===== Data provided
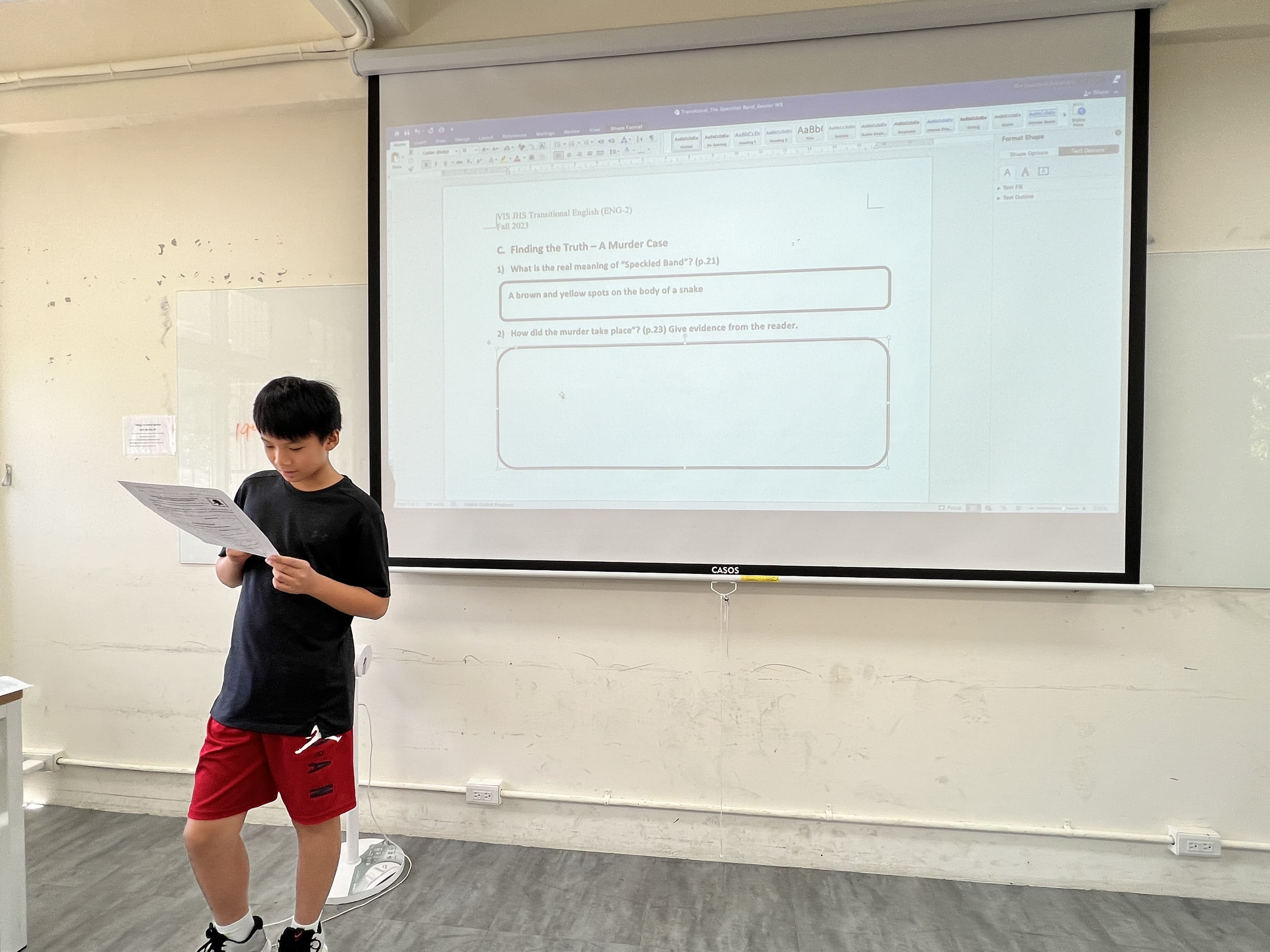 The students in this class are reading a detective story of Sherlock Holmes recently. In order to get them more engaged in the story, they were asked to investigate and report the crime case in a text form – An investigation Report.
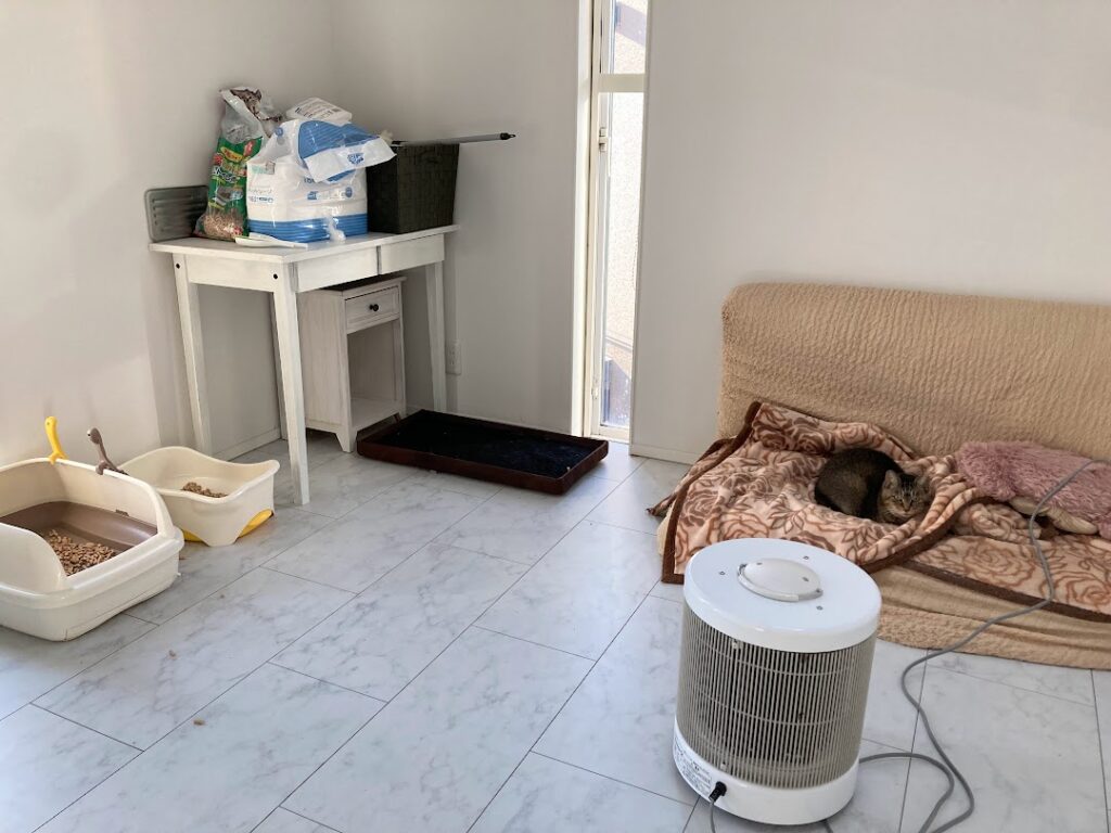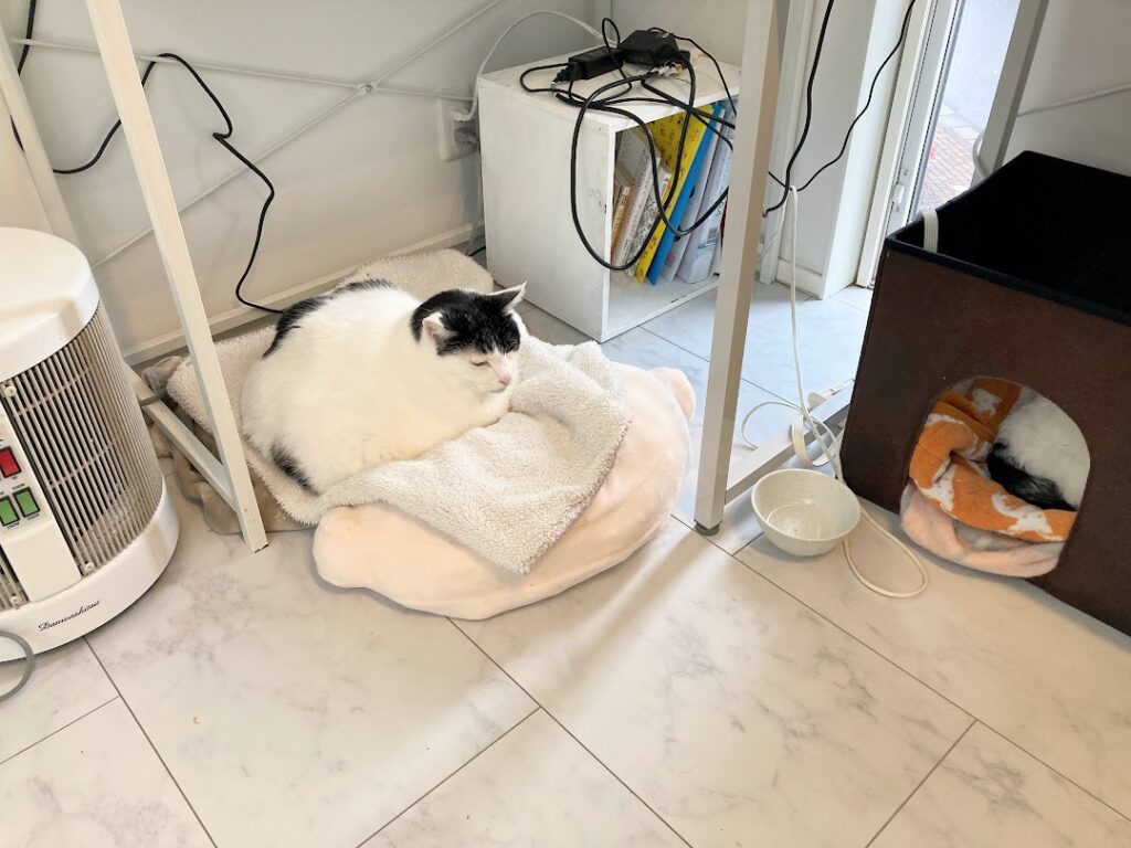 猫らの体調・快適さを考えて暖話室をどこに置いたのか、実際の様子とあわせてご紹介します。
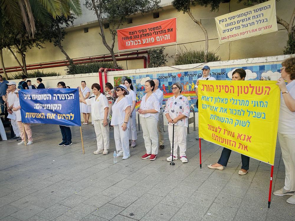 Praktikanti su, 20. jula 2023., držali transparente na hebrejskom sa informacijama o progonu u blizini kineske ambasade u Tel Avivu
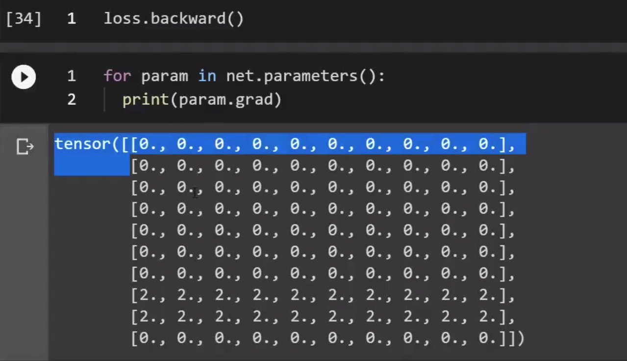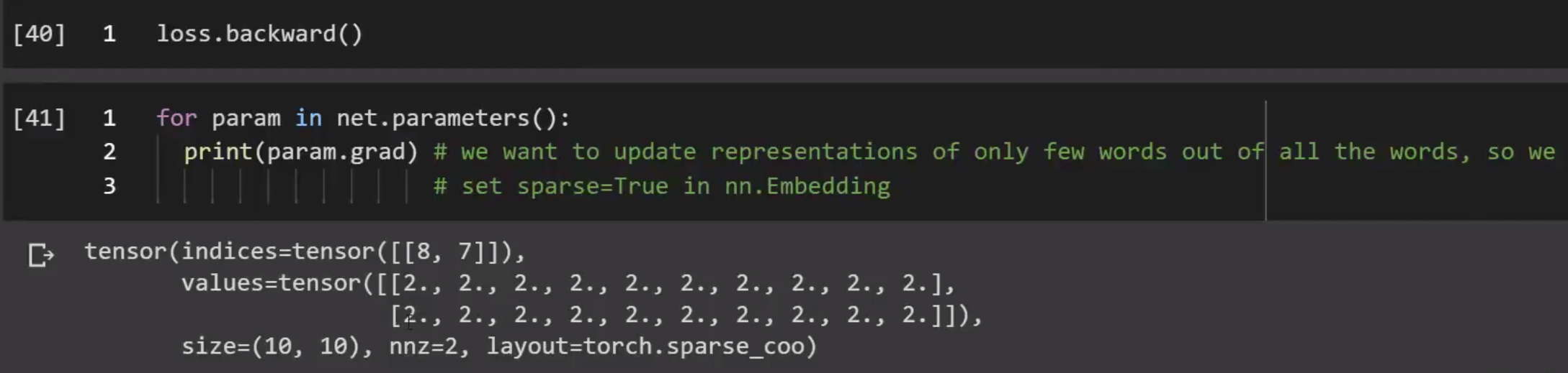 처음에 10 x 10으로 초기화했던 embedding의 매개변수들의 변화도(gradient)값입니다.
==========
Now repeat exactly the lines from the one with "Praktikanti su, 20." through the end of the listing above, both included, omitting all pictures.

Result of the exercise ::
 Praktikanti su, 20. jula 2023., držali transparente na hebrejskom sa informacijama o progonu u blizini kineske ambasade u Tel Avivu
 처음에 10 x 10으로 초기화했던 embedding의 매개변수들의 변화도(gradient)값입니다.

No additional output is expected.